FAM83F Protein Implicated in Papillary Thyroid Cancer and Drug Resistance
The FAM83F protein contributes to papillary thyroid cancer cell viability and doxorubicin resistance, according to a study presented at the 85th Annual Meeting of the ATA.
The FAM83F protein contributes to papillary thyroid cancer (PTC) cell viability and doxorubicin resistance, according to authors of a preclinical lab study reported at the 15th International Thyroid Congress (ITC) and 85th Annual Meeting of the American Thyroid Association (ATA) this week in Lake Buena Vista, Florida.
“FAM83F is overexpressed in human PTC, and exerts a pro-oncogenic role that involves the reduction of thyroid cell differentiation and activation of stem cell genes to increase cell viability, migration, and resistance to doxorubicin,” reported lead study author Cesar Seigi Fuziwara, PhD, of the department of cell and developmental biology at the University of São Paulo, São Paulo, Brazil.
Molecular profiling has revealed that PTCs frequently harbor genetic mutations in the mitogen-activated protein kinases (MAPK) signaling pathway, such as altered RET, RAS, and BRAF genes, Dr.

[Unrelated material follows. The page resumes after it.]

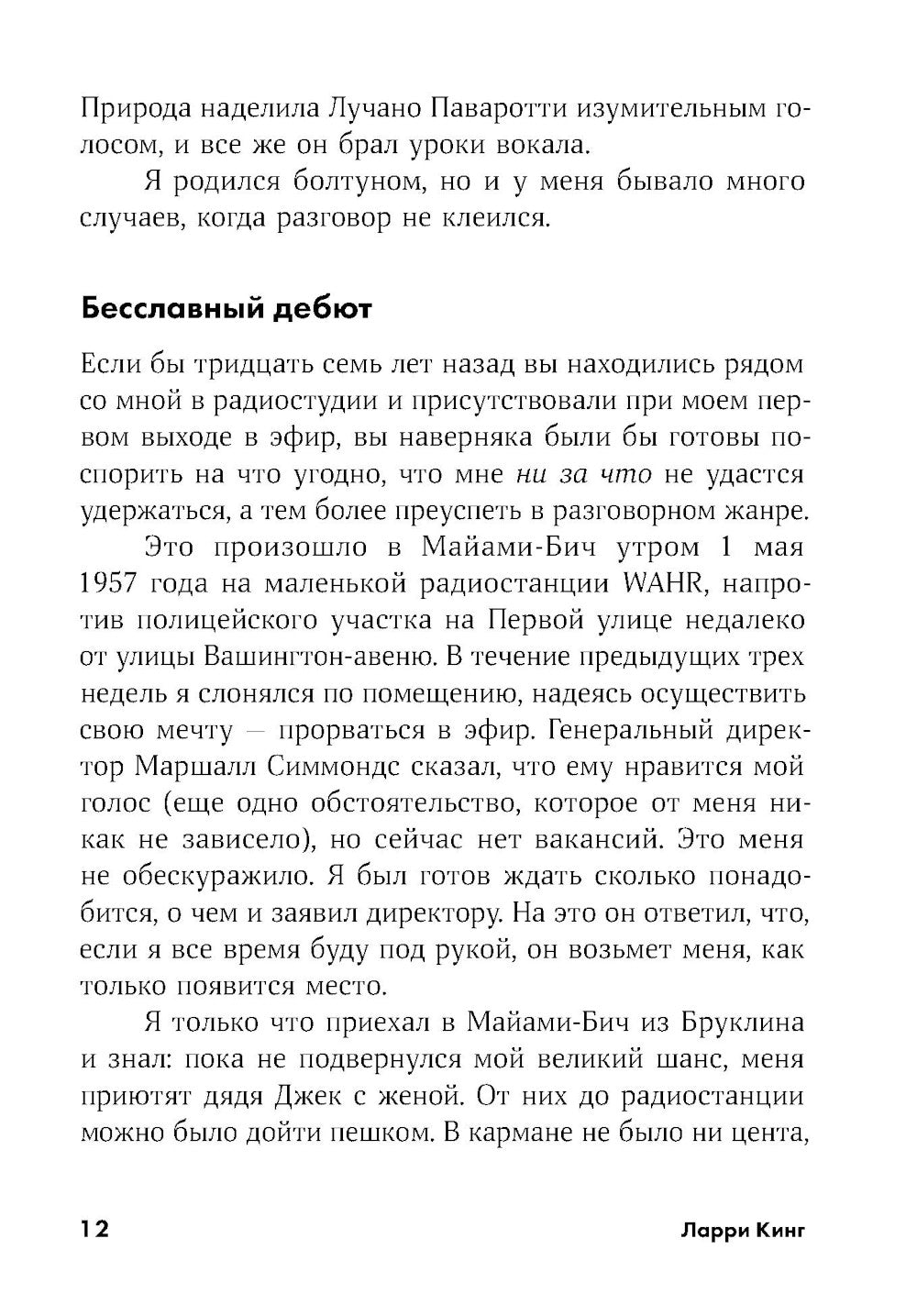 Вы хотите получить повышение по службе, найти себе пару, научиться продавать или торговать? Удивляетесь тем, почему проявления одних людей заинтересовывают и обращают внимание на действия, а других — нет? Не думайте, что это у них от природы, — скорее всего, они просто этому научились, уделяя этому аспекту много внимания. И научиться быть душой компании, дополнительно интервьюером или лидером, способным жить за себя может любой человек. Ларри Кинг в этом убежден. Один из самых известных журналистов мира, Кинг изучил всю жизнь, ведь он понял один из главных нюансов популярности: коммуникабельность. Благодаря этому качеству Кинга попала в Книгу рекордов Гиннессы как бессменного ведущего самого продолжительного телешоу в истории. В последние несколько лет он брал интервью у большинства самых влиятельных и популярных людей на планете. Сегодня фигура короля служит образцом для подражания журналистам и ведущими в различных точках планеты. Умение общение требуется не только журналистам или политике, оно необходимо каждому человеку, ведь люди, как известно, социальные существа. Свою книгу король посвятил секретам общения и коммуникабельности. Исходя из своего богатого жизненного опыта, он дает советы, как завязать разговор с кем угодно, как побороть страх перед публичным выходом и использовать полученные навыки для достижения хороших высот в жизни.

Fuziwara noted.
Just how these genetic alterations contribute to aggressive tumor behavior is incompletely understood, but there is reason to suspect that FAM83F proteins might play a role in PTC aggressiveness, including treatment resistance, Dr. Fuziwara said. Expression of FAM83 genes is elevated in treatment-refractory breast and lung cancer, he noted.
“Previously, our group has identified in the Human Genome Cancer Project (FAPESP/LICR) FAM83F gene (previously, LOC113828) located at chromosome 22. The family of FAM83 is composed by eight members, from FAM83A to FAM83H,” said Dr. Fuziwara. “Interestingly, goiter displays nuclear staining of FAM83F, while PTC from BRAF-transgenic mice (Tg-BRAF) exhibits high expression of FAM83F.”
To study the role of FAM83F in PTC, Dr. Fuziwara and his coauthors used immunohistochemistry and protein levels to measure FAM83F gene expression in human thyroid tumors and Tg-BRAF mice. They then experimentally overexpressed FAM83F in vitro to analyze human thyroid cell viability, migration, and doxorubicin resistance.
FAM83F was overexpressed in PTC. Experimental overexpression increased cell viability, migration, and doxorubicin resistance, and cell “stemness” markers (Lin28b and Hmga2 expression) in thyroid cells, and reduced cell differentiation, he reported.
“FAM83F overexpression increases resistance to doxorubicin,” concluded Dr. Fuziwara.